* [Task to complete]
Could each entry below be written out exactly, with every picture dropped?

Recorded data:

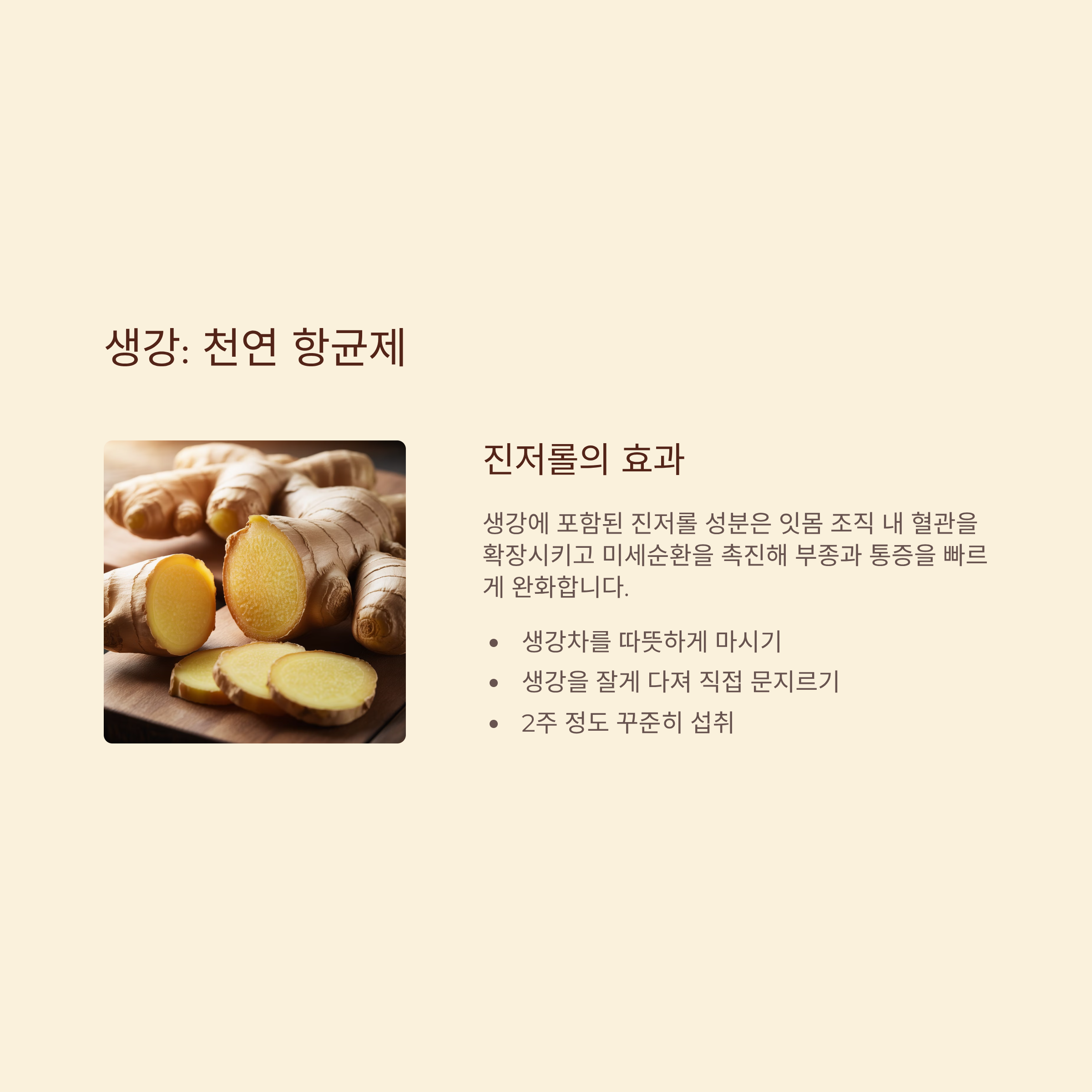생강은 구강 내 염증 억제의 천연 항균제입니다. 생강에 포함된 진저롤이라는 성분은 잇몸 조직 내 혈관을 확장시키고 미세순환을 촉진해 부종과 통증을 빠르게 완화합니다.
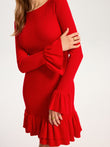 Wool Blend Knit Ruffled Flared Sleeve Mini Dress
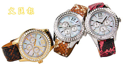 不經不覺Party Season已經迫在眉睫,女士們正趕緊為出席各大小派對四處張羅,務求以最佳的狀態及造型,成為人群中最矚目的焦點。時裝配飾是塑造理想造型的重要元素之一,要配襯Cocktail Dress或晚裝裙,其實不一定要大費周章,只要戴上一枚款式搶眼瑰麗的腕錶,已可達至意想不到的效果。適逢聖誕佳節,國際時尚腕錶品牌GUESS Watches特別推出全新Muse Python系列,迎合時裝界大熱的ExoticLeather皮革熱,以華貴的蛇紋壓皮搭配閃爍迷人的晶石,再加上流行的色彩元素,為妳的秋冬造型增添奢華尊貴的感覺,盡顯時尚又不落俗套。
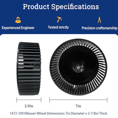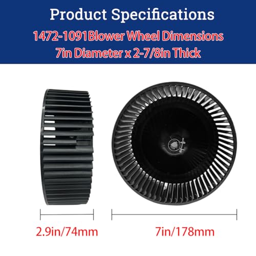 Replacement part number: Upgraded 1472-1091 blower wheel, compatible with air conditioner models 4800, 4801, 4805, 4806, 4820, 4821, 4825, 4826, 6701-6703, 6721-6723, 6731-6736, 6741-6747, 6749, 6757, 6759, 6767, 6769, 6770, 6777, 6779, 8332, 8333, 8335, 8373, 8433, 8473, 8533-8535, 8632, 8633.Check the manual or replacement parts diagram for specific part information before ordering to ensure compatibility
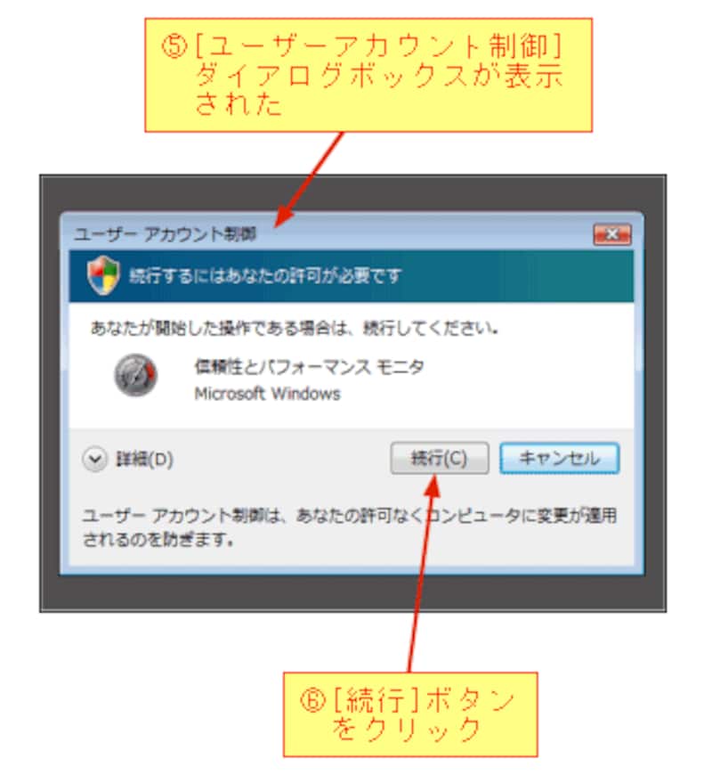 [リソースモニタ]ボタンをクリックすると、[ユーザーアカウント制御]ダイアログボックスが表示されますので、[続行]ボタンをクリックします。
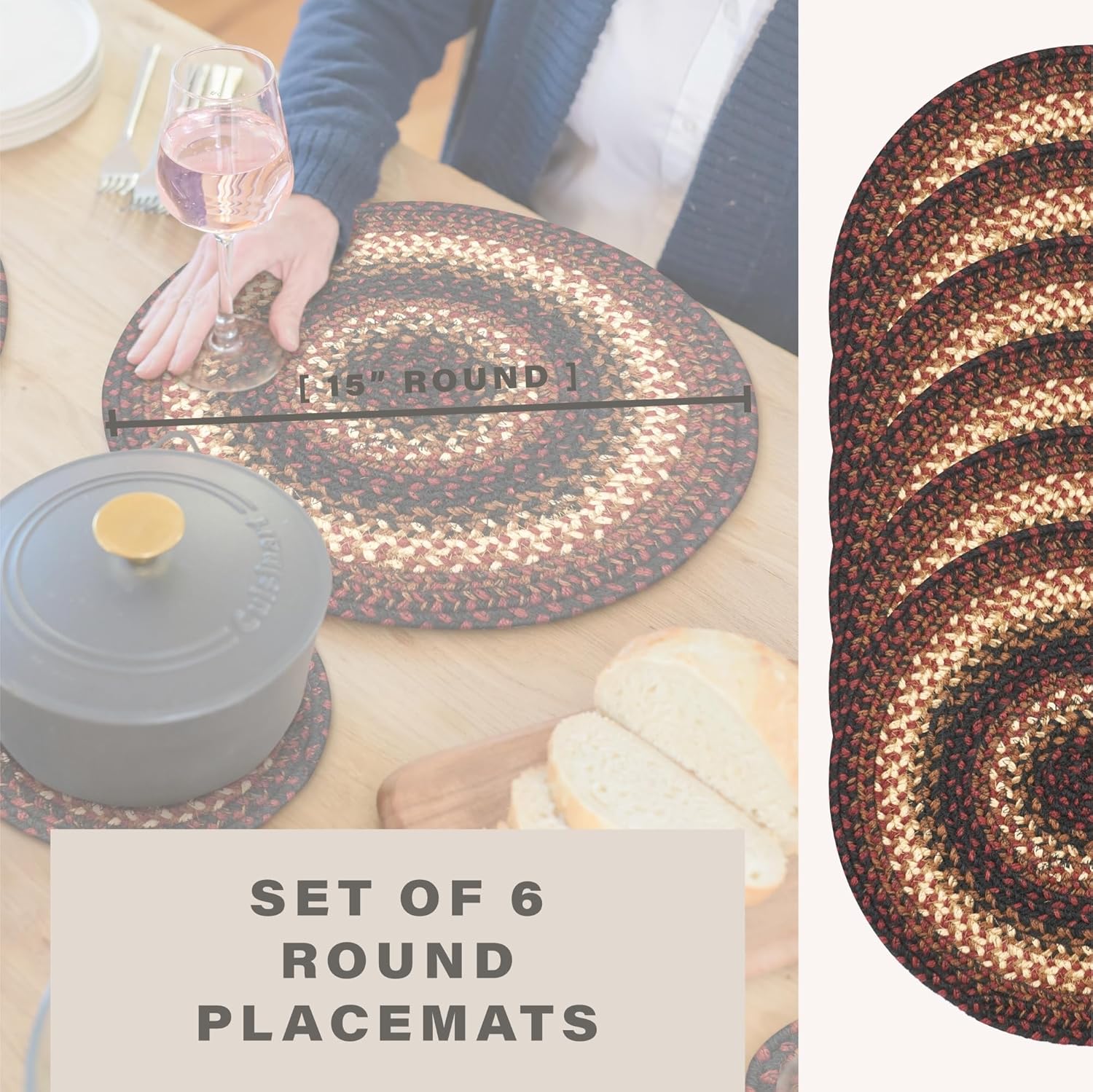 Prescott Jute Woven Round Placemats Set of 6, 15", Country Primitive Decor, Black and Red Table Mats - Vibrant Colors, Durable, Easy to Clean and Protects Furniture

* [Solution to this problem]
생강은 구강 내 염증 억제의 천연 항균제입니다. 생강에 포함된 진저롤이라는 성분은 잇몸 조직 내 혈관을 확장시키고 미세순환을 촉진해 부종과 통증을 빠르게 완화합니다.
 Wool Blend Knit Ruffled Flared Sleeve Mini Dress
 不經不覺Party Season已經迫在眉睫,女士們正趕緊為出席各大小派對四處張羅,務求以最佳的狀態及造型,成為人群中最矚目的焦點。時裝配飾是塑造理想造型的重要元素之一,要配襯Cocktail Dress或晚裝裙,其實不一定要大費周章,只要戴上一枚款式搶眼瑰麗的腕錶,已可達至意想不到的效果。適逢聖誕佳節,國際時尚腕錶品牌GUESS Watches特別推出全新Muse Python系列,迎合時裝界大熱的ExoticLeather皮革熱,以華貴的蛇紋壓皮搭配閃爍迷人的晶石,再加上流行的色彩元素,為妳的秋冬造型增添奢華尊貴的感覺,盡顯時尚又不落俗套。
 Replacement part number: Upgraded 1472-1091 blower wheel, compatible with air conditioner models 4800, 4801, 4805, 4806, 4820, 4821, 4825, 4826, 6701-6703, 6721-6723, 6731-6736, 6741-6747, 6749, 6757, 6759, 6767, 6769, 6770, 6777, 6779, 8332, 8333, 8335, 8373, 8433, 8473, 8533-8535, 8632, 8633.Check the manual or replacement parts diagram for specific part information before ordering to ensure compatibility
 [リソースモニタ]ボタンをクリックすると、[ユーザーアカウント制御]ダイアログボックスが表示されますので、[続行]ボタンをクリックします。
 Prescott Jute Woven Round Placemats Set of 6, 15", Country Primitive Decor, Black and Red Table Mats - Vibrant Colors, Durable, Easy to Clean and Protects Furniture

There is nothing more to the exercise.